Fig. 6. A schematic, conceptual depiction of the emerging links between
patient survival, driver mutation load and aneuploidy in the two tumor
classes.
[124]Fig. 6
[125]Open in a new tab
a Driver mutations, aneuploidy, patient survival, and mutation sets in
the two tumor classes. The mutation sets derived to predict high driver
mutations load are shown by circles. The inverse relationship between
aneuploidy and MSI is demonstrated for the gastrointestinal and
endometrial scheme, with the derived MSI-aneuploidy set. b The ratio of
the mutation loads in the apoptosis vs repair sets as universal
predictor of patient survival.
Our pan-cancer analysis connects different genomic aberrations with
distinct DDR pathways and segregates gastrointestinal and endometrial
tumors into a separate class, where tumorigenesis might be
predominantly driven by defects in specific DNA repair pathways. It has
been established previously that mutated apoptosis and DNA damage
checkpoint signaling pathways sustain growth with genomic
abnormalities^[126]38–[127]40. The results described here suggest that
major deficiencies in DNA repair permit accumulation of oncogenic
mutations but not aneuploidy. This finding is in agreement with the
inverse relation between MSI and aneuploidy in colorectal
tumors^[128]41, and with the diploid karyotype of NER-deficient skin
cancer^[129]42. The inverse relationship between repair and aneuploidy
might reflect a direct functional link, whereby intact DNA repair
pathways promote the emergence of aneuploidy, or conversely, survival
and reproduction of aneuploid cells requires active repair. One
possible mechanism underlying such a functional link could be chromatin
remodeling. While chromatin relaxation is crucial for DNA
repair^[130]43,[131]44, condensed chromatin structure in necessary for
chromosomal segregation^[132]45. Tumor cells that are actively engaged
in DNA repair might maintain relaxed chromatin structures that hinder
chromosomal segregation and increase aneuploidy, whereas tumor cells
with dysfunctional repair systems would preserve condensed chromatin
that sustain proper chromosomal segregation and preclude aneuploidy.

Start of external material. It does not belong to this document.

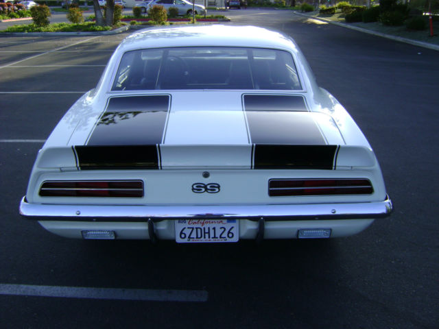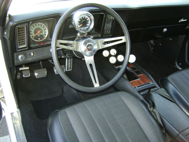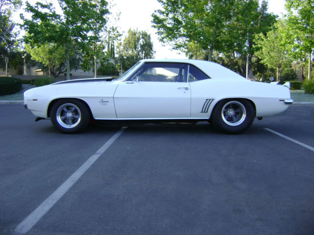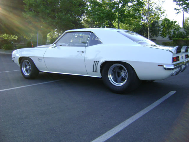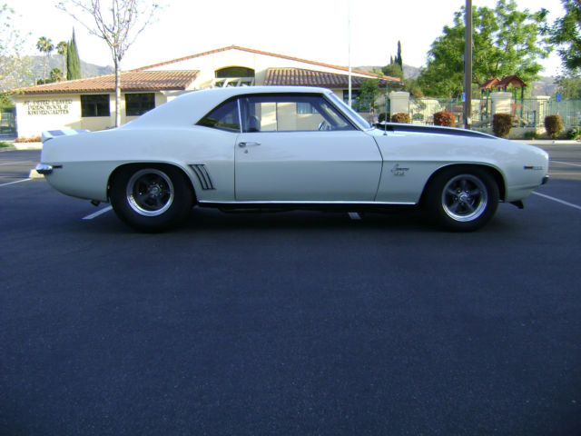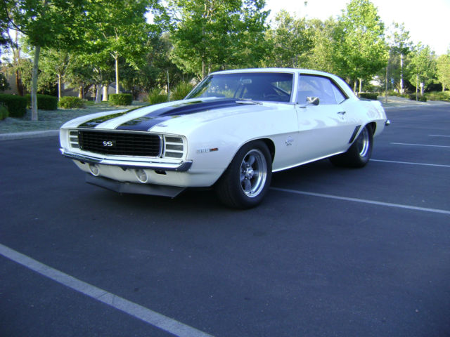 1969 SS/RS Pro Street Camaro. 1970 LS6 454/450HP Engine with 10:1 compression ratio.The block is a 512 casting number with GM oval port heads. Comp Cams 11-213-3 kit made up of Cam/Lifters/Valvetrain-Hydraulic flat tappet,Adv.Duration 292int./292ext.,Lift .550int./.550exh. Weiand stealth dual plane intake,Holley 750 Double Pumper,Holley mechanical fuel pump,Hooker Headers. 3 inch flowmaster exhaust which exits out behind the rear tires. Most Pro Street cars either exit before the rear tires or under the car,this does not,so at a stoplight you don't get overwhelmed with exhaust fumes. 4 row radiator with factory clutch fan and shroud which runs at 185 degrees all day long even in summer. Muncie M21 4 speed with Hurst Competition shifter. Rearend is a 9 inch with 31 spline axles with 4:11 Posi Gears. Front suspension is stock Camaro with power steering, power disc. brakes. Rear suspension is a 4 link with Koni coil over shocks.Subframe connectors tie the front and rear suspension together. Paint and body are in excellent condition with straight panels and flat paint. Interior is stock comfort weave front seats with vinyl covered panels in the rear.Factory dash and console with Auto meter gauges. Headlights have been upgraded to Detroit Speed and Engineering electric units. Fuel cell is 16 gallon. Front tires are B.F.Goodrich Radial T/A P215/65R15 on 15 x 7 Torque Thrust D rims. Rear tires are Hoosier Pro Street Radial 29 x 18.5 x 15 on 15 x 14 Torque Thrust D rims. The rear wheel wells are the factory length and have not been stretched to fit the tires and have the factory wheel moldings. This car runs and drives great and has Approx. 6000 miles since being built. Car sold as is with no warranty.No trades.

Indeed, several of the genes in the repair set are involved in
chromatin remodeling, such as ALC1 (CHD1L), PARP1, and DDB2. In
particular, ALC1 is a chromatin remodeling enzyme that relaxes
chromatin at early stages of DNA repair^[133]46 through PARP1 and DDB2
recruitment^[134]47. Together with the inclusion of several other
chromatin remodeling-associated genes in the repair set (POLE3, EPC2,
BRCC3, HMGA1, and HMGB1) and the MSI-aneuploidy set (EP300, CUL4B,
RPA1, ARID1A, and NFATC4), this could suggest that inhibition of
chromatin relaxation resulting from impairing mutations in DNA repair
genes prevents the emergence of aneuploidy in tumor cells.
There is, obviously, a complex relationship between aneuploidy and
patient prognosis. Although aneuploidy has been associated with poor
patient survival and linked with intrinsic drug
resistance^[135]28,[136]48, evidence is accumulating that extreme
aneuploidy might also be associated with improved patient
outcome^[137]29,[138]49,[139]50. We demonstrate that aneuploidy is
compatible with impairment of apoptotic and DNA damage checkpoint
signaling pathways^[140]51–[141]53, but is suppressed by inactivation
of DNA repair pathways. Furthermore, although MSI has been previously
associated with favorable prognosis, the present findings indicate that
this connection could result from the lack of aneuploidy in the MSI
tumors rather than from any effect of MSI as such. These findings are
in agreement with the observed association of aneuploidy with
multi-drug resistance^[142]54,[143]55. Indeed, the loss of DNA repair
sensitizes cells to various drugs that induce DNA damage, whereas cells
deficient in checkpoint and apoptotic signaling in response to damage
lack this type of vulnerability. In addition, MSI tumors show enhanced
immune infiltration levels and improved response to
immunotherapy^[144]56,[145]57, whereas the reduced mutational load in
gastrointestinal and endometrial aneuploid tumors is likely to restrict
the benefits of immunotherapy and several targeted therapies. However,
the mutual exclusivity between the loss of DNA repair and aneuploidy
raises another possibility, namely, that co-occurrence of aneuploidy
with defective DNA repair is lethal, suggesting a therapeutic potential
for targeting repair processes in aneuploid cells.
In summary, we reveal here alternative regimes of tumorigenesis that
involve different, either synergistic or mutually exclusive
relationships between driver mutations and chromosomal aberrations in
different cancer types (Fig. [146]6). By using large human cancer
cohorts, we show that these distinct tumorigenic regimes are
underpinned by unique DDR mutational set that appear to govern
accumulation of driver mutations and aneuploidy. The derived mutational
sets are predictive of patient survival and suggest specific
vulnerabilities of different cancer types that might have therapeutic
potential.
Methods
Data
TCGA samples of primary and metastatic solid tumors were selected for
analysis. The complete mutational data for 32 tumor types in each TCGA
study was obtained from the UCEC Xena browser^[147]58, considering all
non-silent mutations. Arm-level gain or loss values were obtained for
each TCGA sample^[148]11, where the ploidy was determined using the
ABSOLUTE algorithm^[149]59. Each segment was designated as amplified,
deleted, or neutral compared with the ploidy of the corresponding
sample. The scores assigned to each arm were −1 if lost, +1 if gained,
and 0 otherwise. The aneuploidy score for each tumor is calculated as
the sum of altered arms, within a range of 0 to 39 (long and short arms
for each non-acrocentric chromosome, and only long arms for chromosomes
13, 14, 15, 21, and 22). Sample-wise clinical data was obtained from
the TCGA Pan-Cancer Clinical Data Resource (TCGA-CDR^[150]14).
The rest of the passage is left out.